#### Supplied data ####
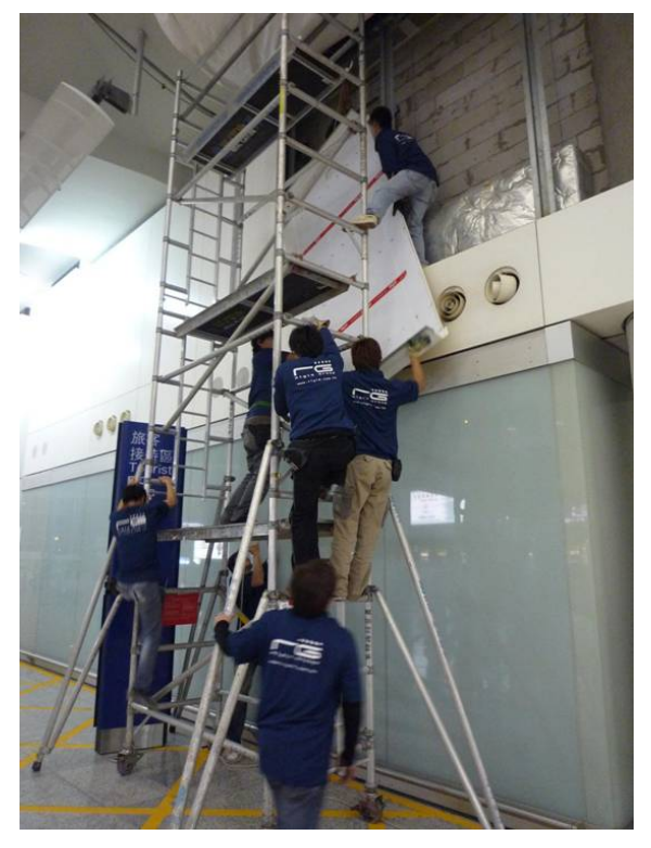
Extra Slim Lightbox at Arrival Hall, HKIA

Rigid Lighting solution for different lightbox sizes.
####
#### Supplied data ####
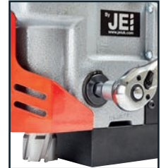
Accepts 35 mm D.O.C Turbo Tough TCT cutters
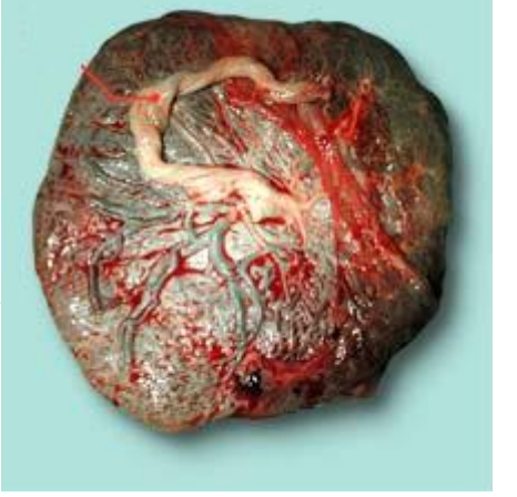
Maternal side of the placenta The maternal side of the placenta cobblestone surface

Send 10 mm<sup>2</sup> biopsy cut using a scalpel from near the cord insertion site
####
#### Supplied data ####
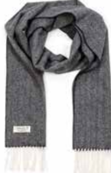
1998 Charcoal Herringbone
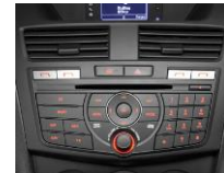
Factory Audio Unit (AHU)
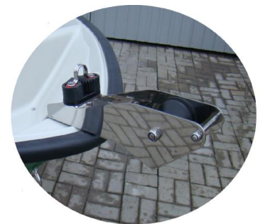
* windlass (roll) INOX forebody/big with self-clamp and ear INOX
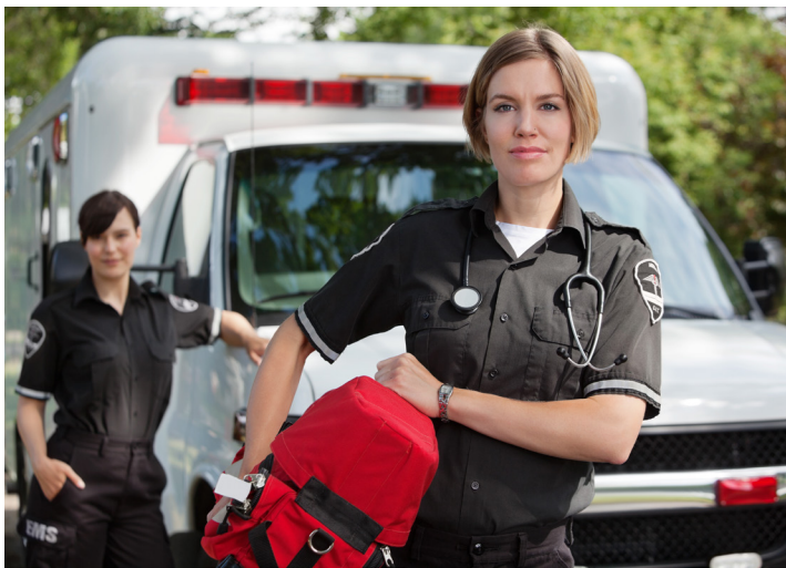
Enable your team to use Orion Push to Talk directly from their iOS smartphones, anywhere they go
####
For each line in the records that contains the word "from", make a copy.

--- Task answer ---
Send 10 mm<sup>2</sup> biopsy cut using a scalpel from near the cord insertion site
Enable your team to use Orion Push to Talk directly from their iOS smartphones, anywhere they go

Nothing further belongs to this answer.